Сокол указал рукой на Василия. Рындин только отмахнулся:
— Пусть дежурит, это все-таки дает какую-то иллюзию помощи Борису. Когда я слышу этот голос, мне кажется, что Борис еще может вернуться. Словно бы какая-то связь с ним. Хотя я почти уверен, что это только иллюзия, но… мне думается: если Василий замолчит, то…
Он бессильно опустил голову. И столько страдания было в его словах, что Сокол не нашел ответа. Он молча надел скафандр и вышел: так или иначе, времени терять было нельзя. Наилучший способ забыть про горе — это работать.
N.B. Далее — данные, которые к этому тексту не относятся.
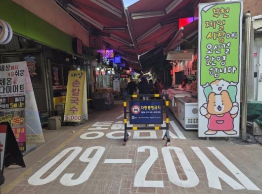 21일 경기 부천오정경찰서 등 설명을 종합하면, 경찰은 최근 오정구 원종동 제일시장에 차량 운행을 통제하는 교통안전 시설물 설치 작업을 마쳤다. 이동형 바리케이드 8개, 이동형 볼라드(차량 진입 억제용 말뚝) 5개, 통행금지 표지판 4개 등이 설치됐다.
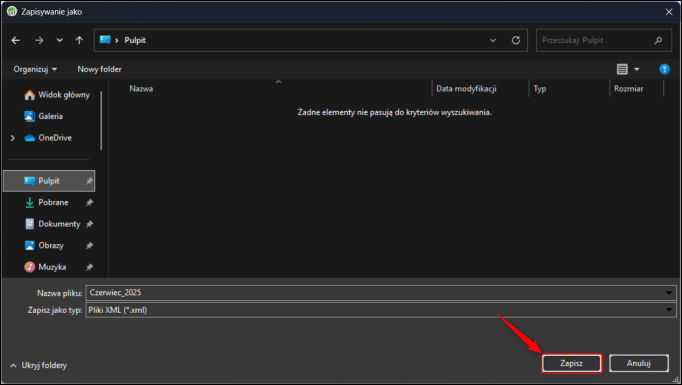 2. Wskazać lokalizację, w której powinien zostać zapisany plik i zatwierdzić przyciskiem Zapisz.
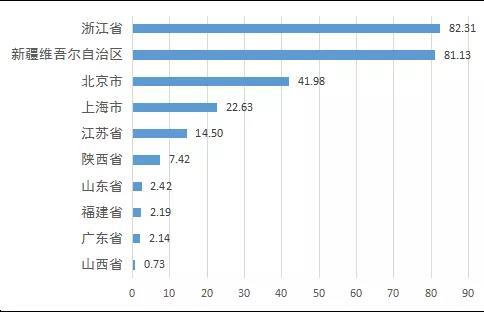 2017年,各省(区、市)电视剧销售额排名中,浙江以82.31亿元位列第一,新疆地区以1.18亿元的微弱差距排名第二位,北京、上海、江苏分别以41.98亿元、22.63亿元和14.50亿元排名第三至第五位(见图7)。
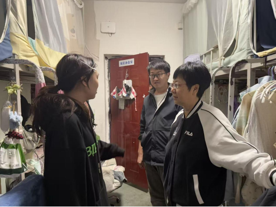 走访过程中,刘敏芝书记与辅导员们与学生面对面交流。从“最近课程压力大不大”“食堂饭菜合不合口味”等生活细节,到“未来职业规划有没有方向”“是否需要心理疏导支持”等成长困惑,辅导员们耐心倾听、细致记录,用真诚对话拉近与学生的距离。同时,为保障学生住宿安全,学院辅导员还重点开展大功率电器排查工作,向学生详细讲解违规用电的安全隐患,引导学生树立“安全第一”的住宿意识。
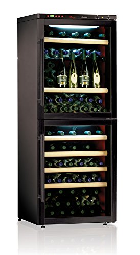 Due porte in doppio vetro per due celle completamente indipendenti. Regolazione autonoma di due temperature dai +4 ai +18 gradi. Cella superiore con capienza di 58 bottiglie da 750 ml, cella inferiore con capienza di 56 bottiglie da 750 ml. Due luci interne, 3 ripiani stoccaggio, 1 ripiano scorrevole, 3 ripiani intermedi per una capienza complessiva di 114 bottiglie da 750 ml. Disponibile nel colore nero

Сокол хорошо помнил это правило.
А работы было еще много. Правда, запасы инфрарадия были уже сделаны. Однако, ультразолота — потому что найденный Соколом металл был именно ультразолотом, — было еще мало. Геолог только начал приносить в ракету первые самородки.
Залежи ультразолота, как определил Сокол, были очень значительны. Скала, которая расселась от взрыва гранаты, раскрыла богатейшее гнездо. Словно кто нарочно приготовил здесь огромное количество самородков ультразолота. Гнездо это было длинное, оно исчезало дальше под скалой. Сокол собрал все самородки, оказавшиеся снаружи, и теперь готовил щель, чтобы подорвать скалу дальше. Тогда останется только собирать самородки, выбивая их из породы киркой или лопатой.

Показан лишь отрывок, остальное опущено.